Rural locality in Kharkiv Oblast, Ukraine

Borova (Борова, Боровая) is a rural settlement in Izium Raion, Kharkiv Oblast, Ukraine. It hosts the administration of Borova settlement hromada, one of the hromadas of Ukraine. Population: Borova is located to the southeast of Kharkiv.

== Geography ==
Borova is situated on the eastern bank of Oskil Reservoir of the Oskil at the confluence of the small river Borovaya. The village stretches along the river for ~8 km. The village is separated from the reservoir by a small forest (pine).

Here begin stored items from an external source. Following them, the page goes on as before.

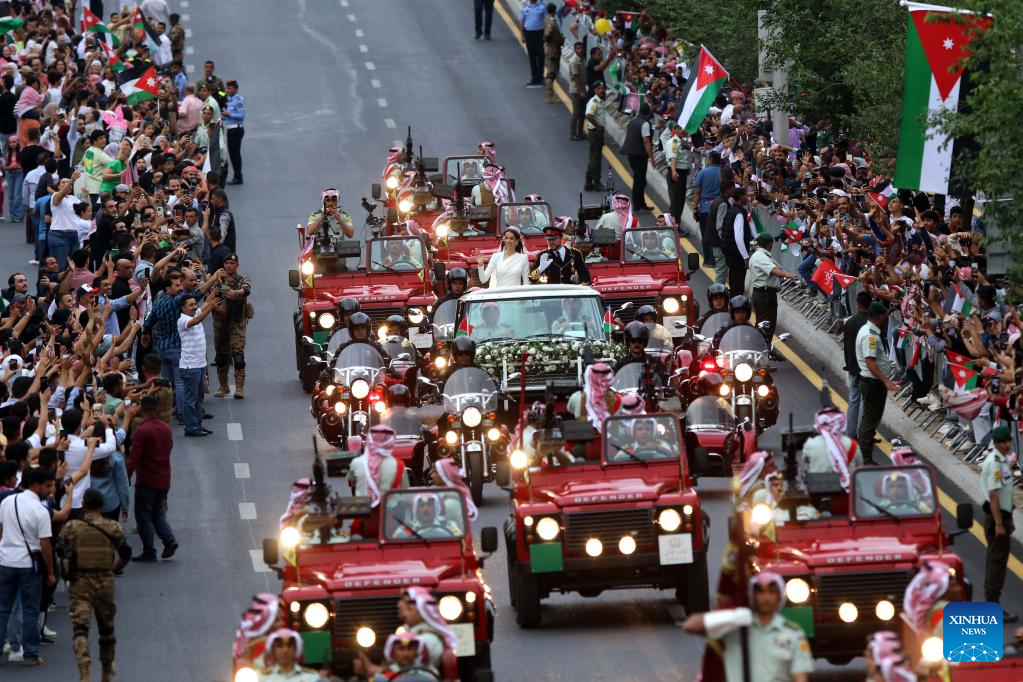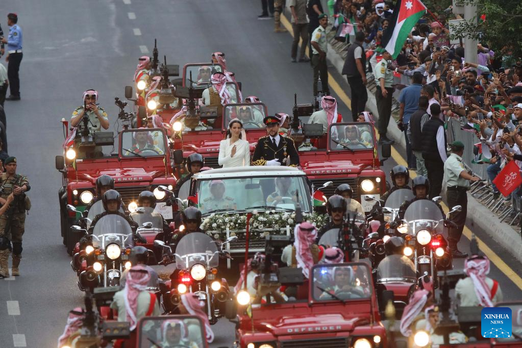 AMMAN, June 1 (Xinhua) -- Jordan's Crown Prince Hussein married Saudi Arabian architect Rajwa Al-Saif on Thursday during a lavish wedding ceremony attended by Arab and foreign dignitaries, the Royal Hashemite Court announced.
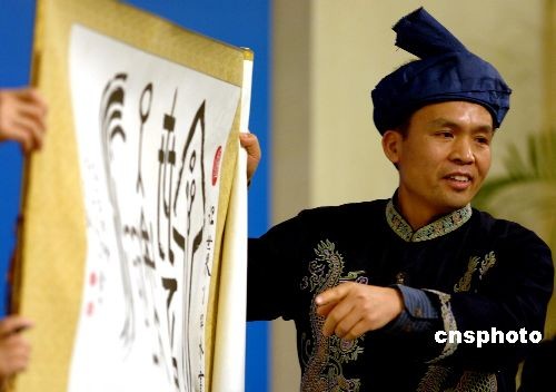 三月十日,貴州水族人大代表張加春在記者會(huì)上介紹“水文字”,并呼吁要大力保持“水文化”的獨(dú)特性。當(dāng)日,八位少數(shù)民族代表在北京兩會(huì)新聞中心接受媒體采訪。中新社發(fā) 王東明 攝
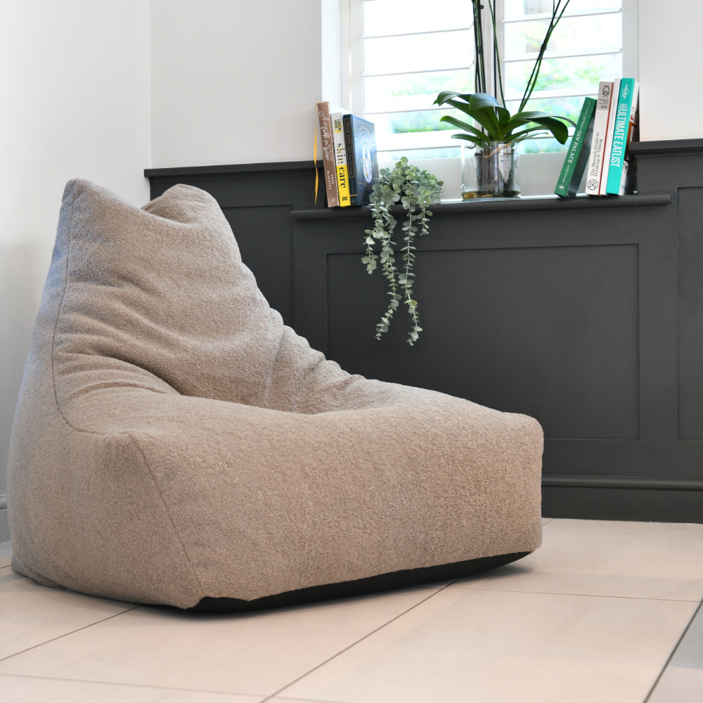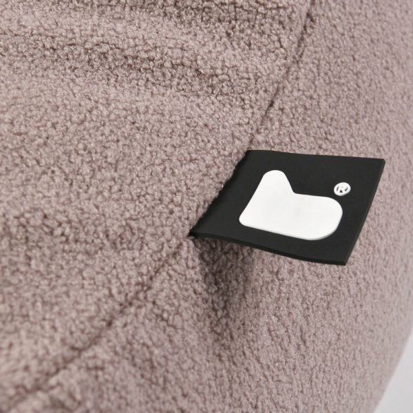 De stof van de b-bag mighty-b is een sterke combinatie van polyester in teddy look en de zitzak is gevuld met polystyrene balletjes.
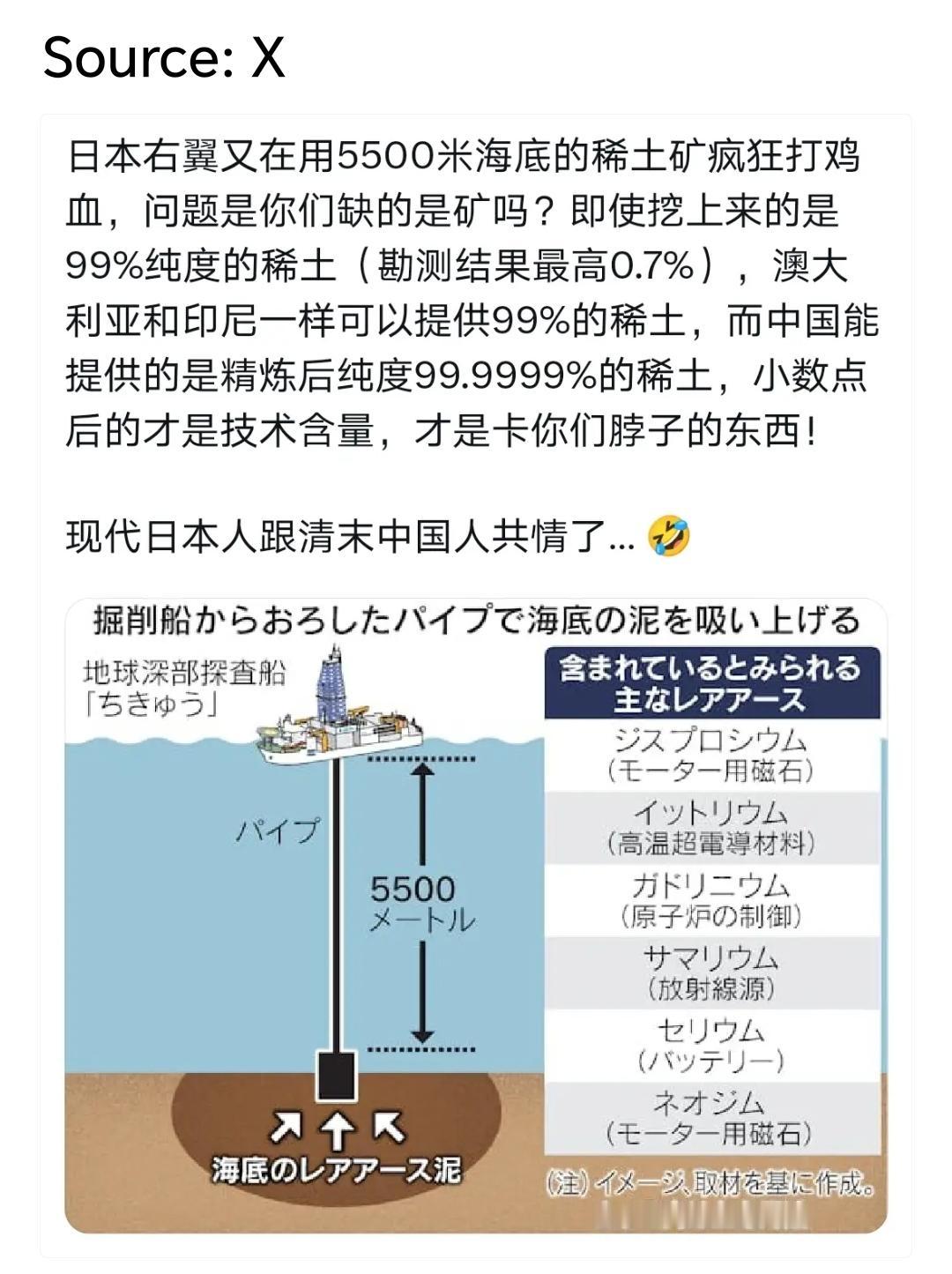 日本去深海挖稀土了,我们该怎么办?[笑哭]挖呗,非但不要给它添乱,还要估计他们去挖。 别人愿意自力更生独立自主有什么不好。 他们在闹钓鱼岛事件的时候就被我们卡过一次脖子了。 那个时候稀土杀手锏一拿出来,他们就跪了。 说要自力更生独立自主,到现在14年了吧,怎么还没有独立自主,怎么还是在稀土上被卡脖子啊? 独立自主自力更生这一招不是每个人都能玩的。 希望日本企业能撑到日本人自己搞出合格的稀土永磁产品的那一天。 貌似日系汽车在中国市场份额雪崩,日本还能坚持多久。 一年之后,日本还能停留在全球第四的位置吗? 估计很难。 点右上角关注我,我们一起去看这个魔幻的世界
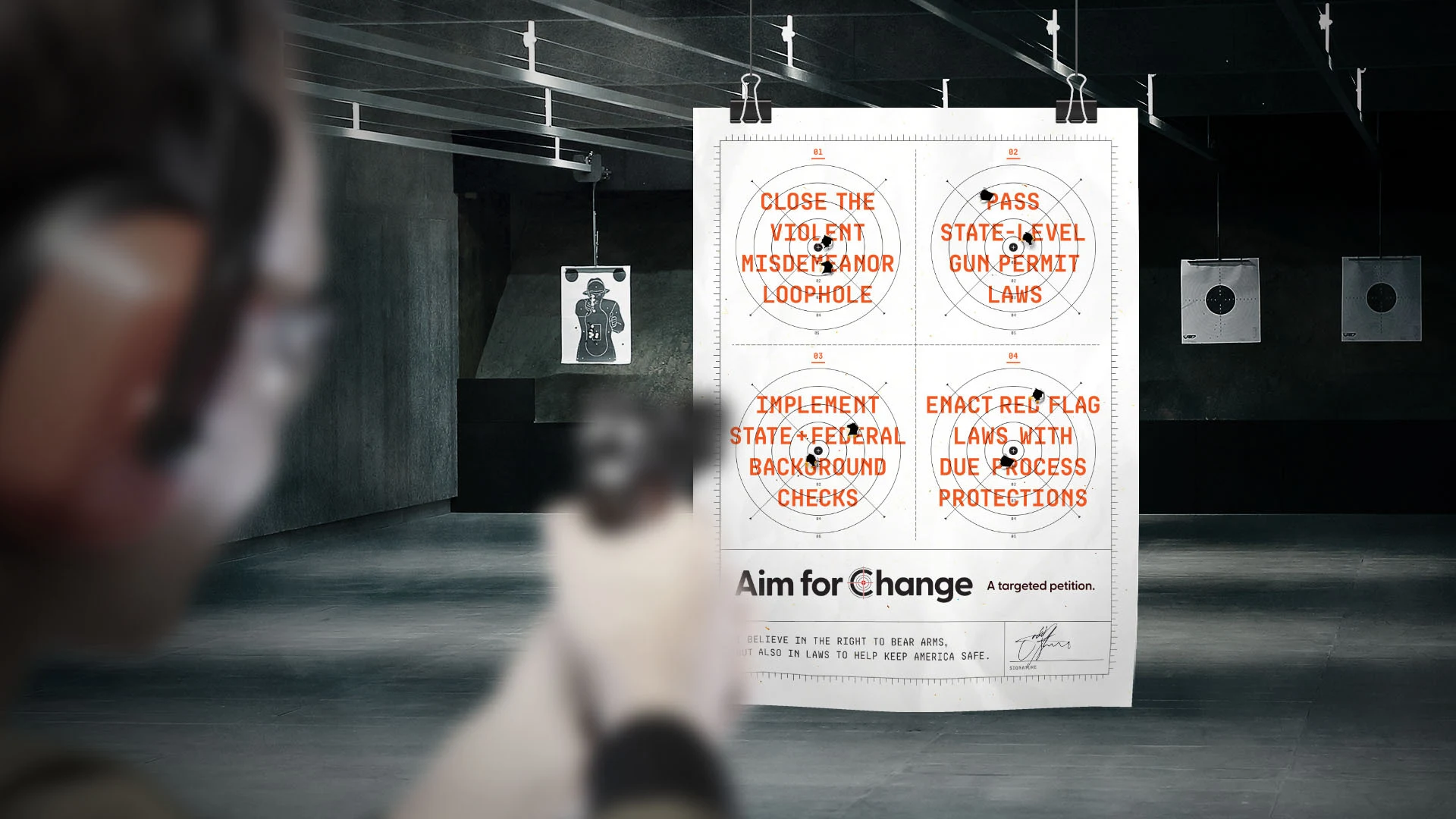 A new campaign launched by bipartisan group 97Percent Advocacy and Wunderman Thompson takes aim at gun safety by giving voice to a group usually shut out of the conversation: gun owners. “Aim for Change” is a petition in the form of a shooting range target that features four gun safety laws, which 97Percent’s research shows are supported by gun owners and could reduce gun-related homicides by 28% and gun-related suicides by 6%.
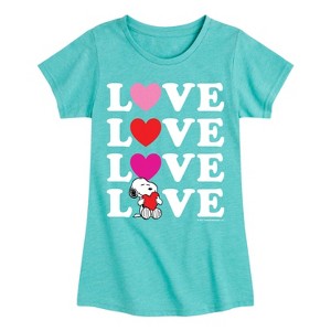 Girls' - Peanuts - Snoopy Love Stacked Fitted Short Sleeve Graphic T-Shirt - 1 of 4

Distance from Kharkiv via the railway 193 km, by the road 165 km. The core railway station namely Pereddonbasivska (approx. 1,5 km). Boyni and Pydliman are the nearest villages. The distance from Borova to Pydliman is about 2 km.

== History ==
=== Early history ===
The first mention of the Borova farm dates back to 1664. The village arose from the farmstead and settlement of Borova. The name comes from the name of the left tributary of the Oskil river Borovaya, which flows through the village, and the river is named in connection with the pine forest on the bank of Oskol, which stretches along the river for 20 km. In 1670, the Gorokhovatskaya Mother of God Hermitage was moved to the Borova farm. In 1794, the monastery church Nativity of the Blessed Virgin Mary was moved to a new location for the newly formed settlement of Borovaya.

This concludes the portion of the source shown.